In 1949, foot binding was abolished and the All-China Women’s Federation (ACWF) was formed and supported by the Communist Party. Change in China, as in the United States, has been a painful evolutionary process. However, the struggle to gain equality appears to have moved faster than the United States where the women’s rights movement started in 1848 and still isn’t over.
10th National Women’s Congress in China
At the 10th National Women’s Congress in the Great Hall of the People in Beijing, in 2008, Deputy-Chairwoman Huang Qingyi said, “Sex discrimination in employment should be eradicated and the income gap between men and women should be further narrowed.”
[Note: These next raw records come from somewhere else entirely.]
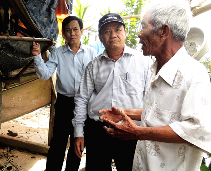 | Ông Đào Anh Dũng, Phó Chủ tịch UBND TP Cần Thơ (đứng giữa) tham quan mô hình nuôi dê tại xã Thạnh Lộc. |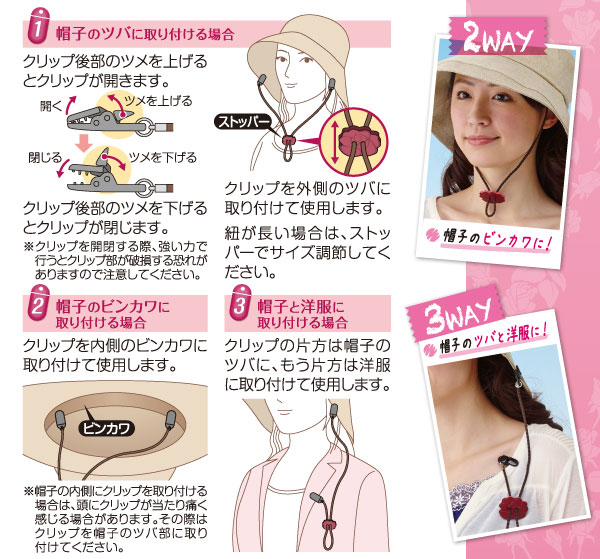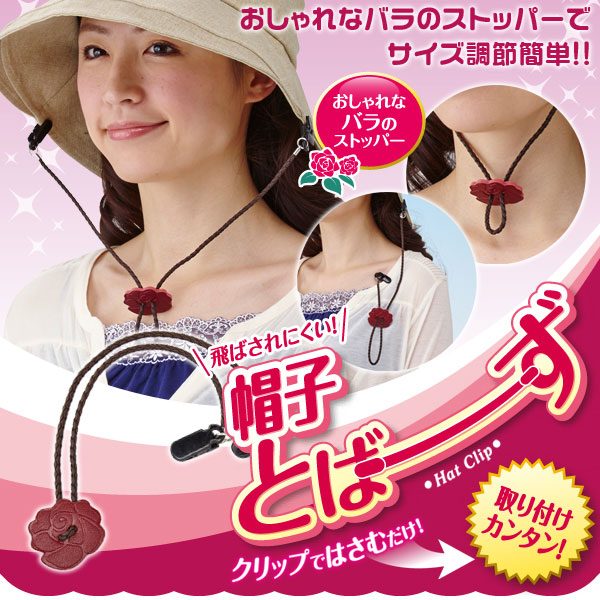 風の強い日や自転車でも安心!帽子が飛ばないクリップ!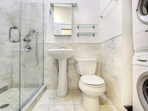 Both bedrooms can fit a queen bed along with a dresser or desk. The marble-tiled bathroom includes a shower, toilet, pedestal sink with mirrored medicine cabinet, and in-unit washer and dryer.
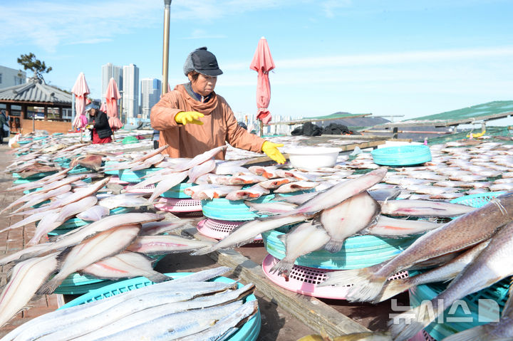 カレイの乾燥作業を行う漁業関係者(8/10)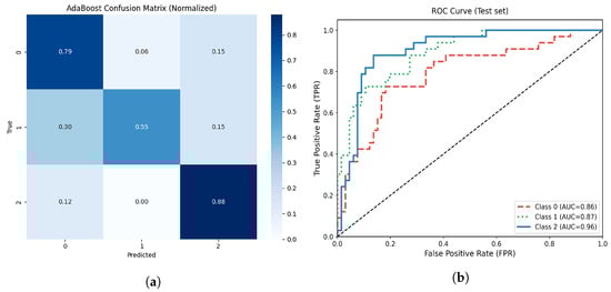 The SVM, configured with an RBF kernel (, ) and tuned through GridSearchCV, was selected for its capacity to model non-linear relationships in medium-sized, high-dimensional datasets. The TPOT framework automated pipeline design and hyperparameter tweaking through the use of evolutionary optimization using 100 people over 15 generations. Using RandomizedSearchCV (15 iterations, 4-fold CV), XGBoost, an ensemble of gradient-boosted trees, was adjusted to enhance multiclass accuracy by modifying important parameters including tree depth, learning rate, and regularization. As a linear benchmark, MLR with L2 regularization was trained via 4-fold CV and adjusted for stability and convergence. The MLP neural network, comprising one hidden layer of 60 neurons with ReLU activation and Adam optimization, was trained for 60 epochs with L2 regularization () to capture complex non-linear interactions. Finally, AdaBoost combined 120 shallow decision trees (max_depth = 2) with a learning rate of 0.8 to assess whether sequential boosting could enhance robustness and discrimination relative to gradient-based ensembles.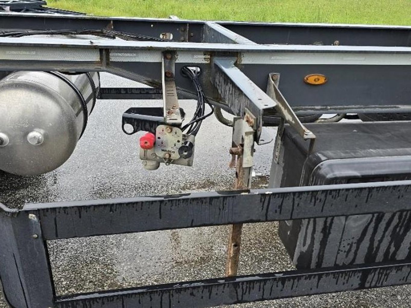 Schwarzmüller AZ S08 Container Lafette Deichselanhänger Technische Daten: * Eigengewicht: 2.600 kg * Radstand: 2.150 mm * hzGg.: 18.000 kg * hz. Achslasten [2]: 9.000 kg * Nutzlast: 15.400 kg Merkmale: * 4 Containerverschlüsse * Mulden Container Aufnahme & Verschlüsseln * Hohe Luftfederung => passend für alle BDF Höhen * inkl. Scheibenbremsen

It was also been reported that domestic violence is a severe threat to women. Chinese authorities reported 50,000 complaints annually, according to figures released by the ACWF. The domestic violence fact sheet shows this is also a problem in the United States.
Sexual discrimination was supposed to have been abolished in China back in 1949, when Chairman Mao Zedong famously announced, “women hold up half the sky”, but it wasn’t. It has only been a few years since China outlawed sexual harassment.
Today, statistics show China has about 27,000 women and children’s rights protection agencies.
Lloyd Lofthouseis the award-winning author of My Splendid Concubine [3rd edition]. When you love a Chinese woman, you marry her family and culture too. This is the love story Sir Robert Hart did not want the world to discover.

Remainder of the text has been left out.